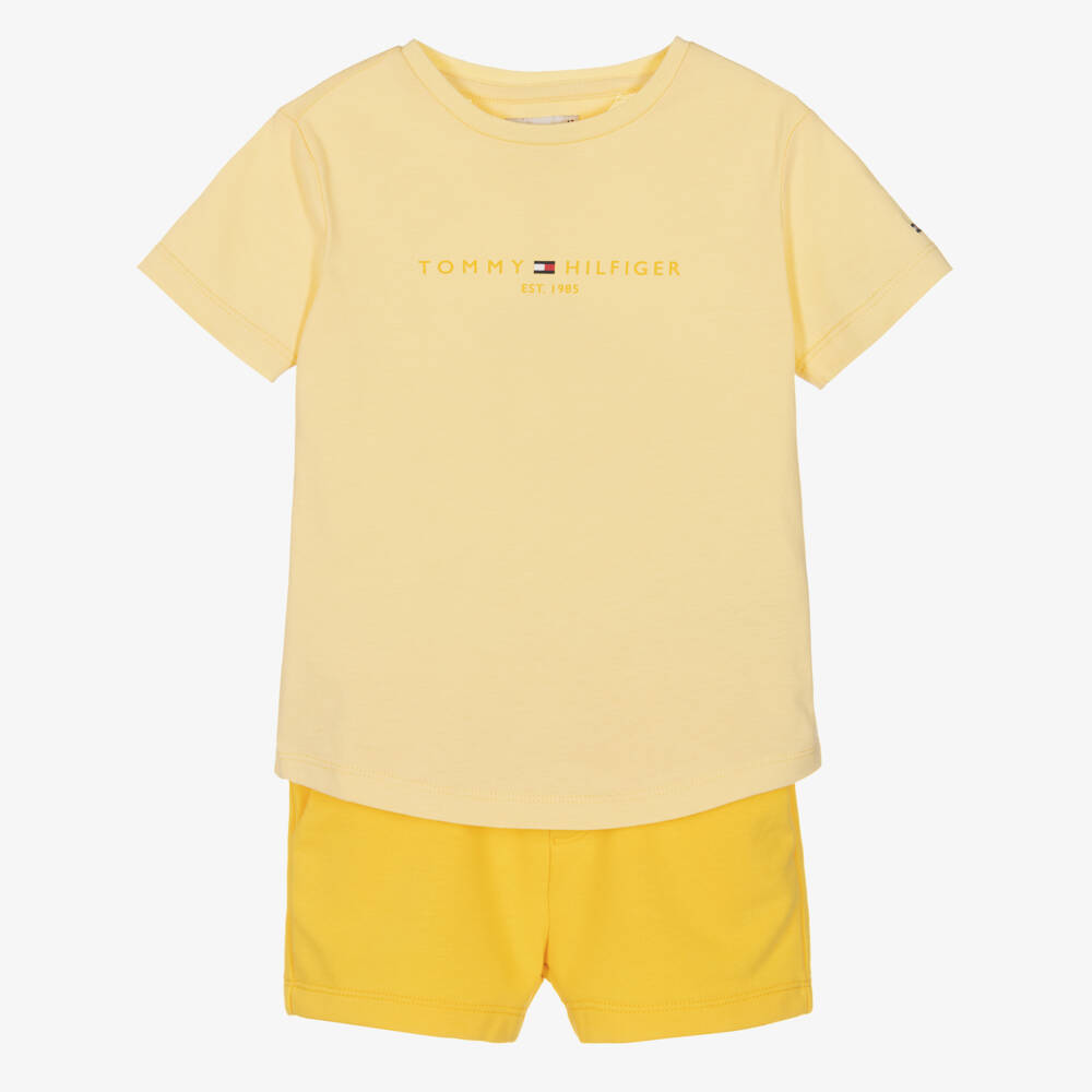 Sporty yellow cotton shorts set for girls by American brand Tommy Hilfiger, made in comfortable jersey for relaxed days. The pale yellow T-shirt has a contrasting yellow logo printed on the front, with the iconic embroidered flag logo on one sleeve. The dark yellow shorts have a ribbed waistband with a white drawstring for a good fit and useful, jetted side pockets. They have an embroidered flag logo on one side.
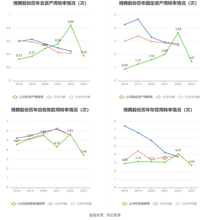 营运能力方面,2023年,公司公司总资产周转率为0.38次,上年同期为0.84次(2022年行业平均值为0.45次,公司位居同行业1/28);固定资产周转率为1.47次,上年同期为3.64次(2022年行业平均值为2.79次,公司位居同行业9/28);公司应收账款周转率、存货周转率分别为3.44次、2.69次。
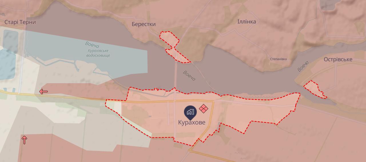 Карта Deep State показывает, что Курахово почти полностью под контролем РФ, и лишь небольшие участки находятся в серой зоне.
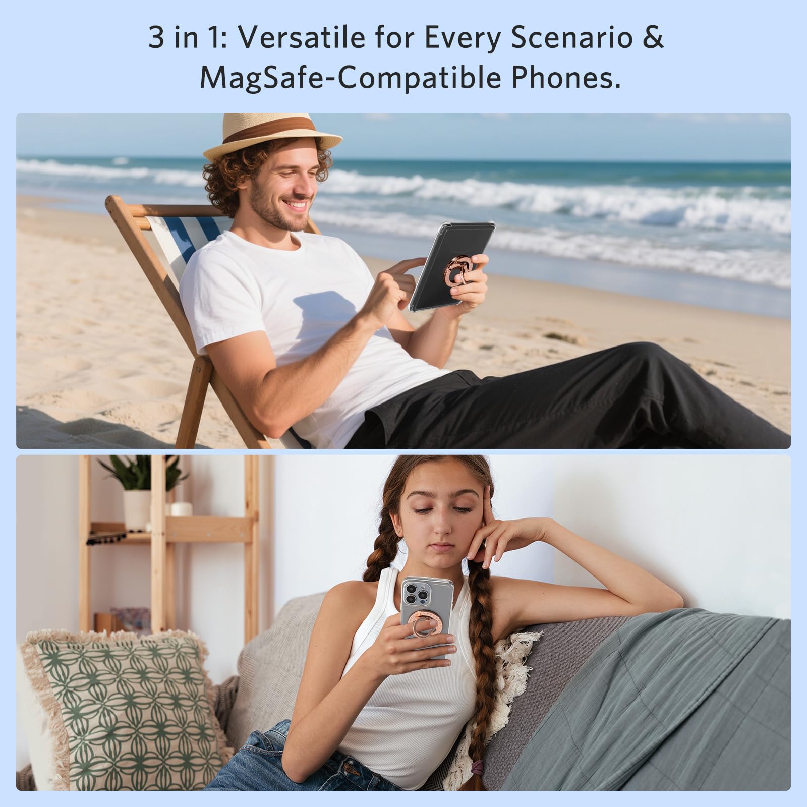 Glamorous and Durable Diamond-Embedded Magnetic Ring Grip:It is made of high-grade metal, and the smooth silver outer ring sparkles as brightly as a diamond, offering both remarkable aesthetics and durability. The strong magnet ensures a secure attachment to magnetic cases. It can be held with one hand, reducing hand fatigue. Additionally, it is compatible with MagSafe-enabled smartphones.
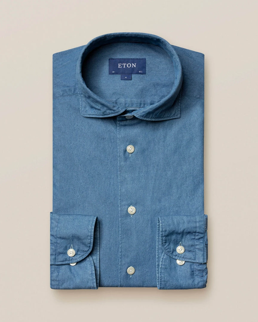 Casual and refined in equal measure, this shirt is a go-to for a modern man. Made from a lightweight indigo fabric that fades slightly after wearing, creating a personal look that gets only nicer with age. Perfectly soft, it will fit any laidback or business casual outfit. Make sure you wash your denim shirts separately to prevent the indigo bleeding onto other garments.
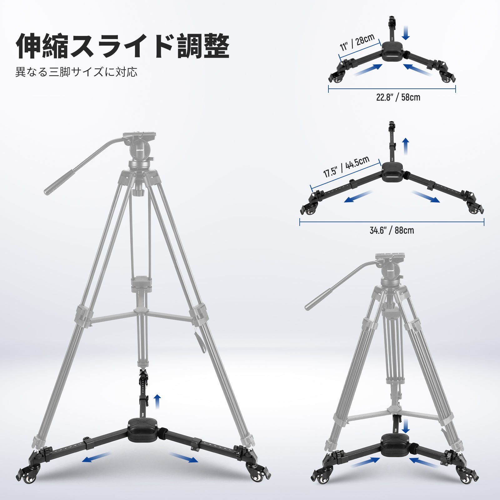 - 【伸縮&スライド調整】ビデオ三脚ドリーは直径11"/28cmから17.5"/44.5cmまで伸縮可能で、異なる三脚サイズや開口角度に対応し、狭いスタジオスペースや広大な屋外ロケへの適応性を高めます。
━━━━━━━━
> _TASK TO COMPLETE_
Transcribe the whole listing exactly but exclude images.

> _OUTPUT FOR THIS TASK_
 Sporty yellow cotton shorts set for girls by American brand Tommy Hilfiger, made in comfortable jersey for relaxed days. The pale yellow T-shirt has a contrasting yellow logo printed on the front, with the iconic embroidered flag logo on one sleeve. The dark yellow shorts have a ribbed waistband with a white drawstring for a good fit and useful, jetted side pockets. They have an embroidered flag logo on one side.
 营运能力方面,2023年,公司公司总资产周转率为0.38次,上年同期为0.84次(2022年行业平均值为0.45次,公司位居同行业1/28);固定资产周转率为1.47次,上年同期为3.64次(2022年行业平均值为2.79次,公司位居同行业9/28);公司应收账款周转率、存货周转率分别为3.44次、2.69次。
 Карта Deep State показывает, что Курахово почти полностью под контролем РФ, и лишь небольшие участки находятся в серой зоне.
 Glamorous and Durable Diamond-Embedded Magnetic Ring Grip:It is made of high-grade metal, and the smooth silver outer ring sparkles as brightly as a diamond, offering both remarkable aesthetics and durability. The strong magnet ensures a secure attachment to magnetic cases. It can be held with one hand, reducing hand fatigue. Additionally, it is compatible with MagSafe-enabled smartphones.
 Casual and refined in equal measure, this shirt is a go-to for a modern man. Made from a lightweight indigo fabric that fades slightly after wearing, creating a personal look that gets only nicer with age. Perfectly soft, it will fit any laidback or business casual outfit. Make sure you wash your denim shirts separately to prevent the indigo bleeding onto other garments.
 - 【伸縮&スライド調整】ビデオ三脚ドリーは直径11"/28cmから17.5"/44.5cmまで伸縮可能で、異なる三脚サイズや開口角度に対応し、狭いスタジオスペースや広大な屋外ロケへの適応性を高めます。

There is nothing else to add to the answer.